On October 22, 2014, the Company entered into a master lease agreement with Veterans Capital Fund, LLC (the “Lessor”) for the secured lease line of credit financing in an amount not to exceed $600,000. The lease is expected to be secured by three new alkaline generating electrolysis system machines. Our wholly-owned subsidiary, Alkaline 88, LLC, and Water Engineering Solutions, LLC acted as co-lessees. Water Engineering Solutions, LLC is an entity that is controlled and owned by our President, Chief Executive Officer, director and major stockholder, Steven P. Nickolas, and our Vice-President, Secretary, Treasurer and director, Richard A. Wright. Pursuant to the master lease agreement, the Lessor agreed to lease to us the equipment described in any equipment schedule signed by us and approved by the Lessor. It is expected that any lease under the master lease agreement will be structured for a three year lease term with fixed monthly lease rental payments based on a monthly lease rate factor of 3.4667% of the Lessor’s capital cost. In connection with the entering into the master lease agreement, the Company also entered into a warrant agreement with the Lessor, pursuant to which the Company agreed to issue a warrant to purchase 3,600,000 shares of our common stock to the Lessor and/or its affiliates at an exercise price of $0.125 per share for a period of five years. 900,000 shares vested.

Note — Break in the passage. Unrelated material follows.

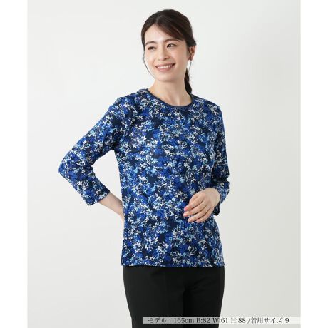 小花柄のモチーフが散りばめられ、一枚で着こなしを華やかに彩るカットソー。薄手で軽やかな生地は程よい抜け感を演出し、涼やかな着心地をキープ。すっきりとしたシルエットでボディラインに優しくフィットし、ストレスフリーな着用感を実現します。クルーネックと七分丈のスリーブは上品な印象を与え、季節の変わり目にぴったりのデザイン。カジュアルなデニムやパンツにはもちろん、きれいめなスカートと合わせれば、大人のフェミニンルックが完成します。

On February 25, 2015, the Company amended the master lease agreement with Veterans Capital Fund, LLC for the increase in the secured lease line of credit financing to an amount not to exceed $800,000. The lease was secured by new alkaline generating electrolysis system machines by our wholly-owned subsidiary, Alkaline 88, LLC, and Water Engineering Solutions, LLC. Water Engineering Solutions, LLC is an entity that is controlled and owned by our President, Chief Executive Officer, director and major stockholder, Steven P. Nickolas, and our Vice-President, Secretary, Treasurer and director, Richard A. Wright. Pursuant to the master lease agreement, the Lessor agreed to lease to us the equipment described in any equipment schedule signed by us and approved by the Lessor. It is expected that any lease under the master lease agreement will be structured for a three year lease term with fixed monthly lease rental payments based on a monthly lease rate factor of 3.4667% of the Lessor’s capital cost. In connection with the entering into the master lease agreement, the Company entered into a warrant agreement with the Lessor, pursuant to which the Company agreed to cancel the previous issued warrant for 3,600,000 and issue a warrant to purchase 5,100,000 shares of our common stock to the Lessor and/or its affiliates at an exercise price of $0.10 per share for a period of five years. 900,000 shares vested on October 22, 2014, 665,822 shares on October 28, 2014, 680,277 shares on December 22, 2014, 347,271 shares on February 3, 2015 and 789,940 shares on March 5, 2015. The remaining 905,267 shares will vest on a pro rata basis according to any mounts the Lessor funds pursuant to any lease schedules under the master lease agreement, provided that if we draw on 90% or more of the total lease line under the master lease agreement, then all such shares will be deemed to be vested. The Company recorded the bifurcated value of $309,028 of the warrants issued as additional paid in capital, the value was determine using a Black-Scholes, a level 3 valuation measure.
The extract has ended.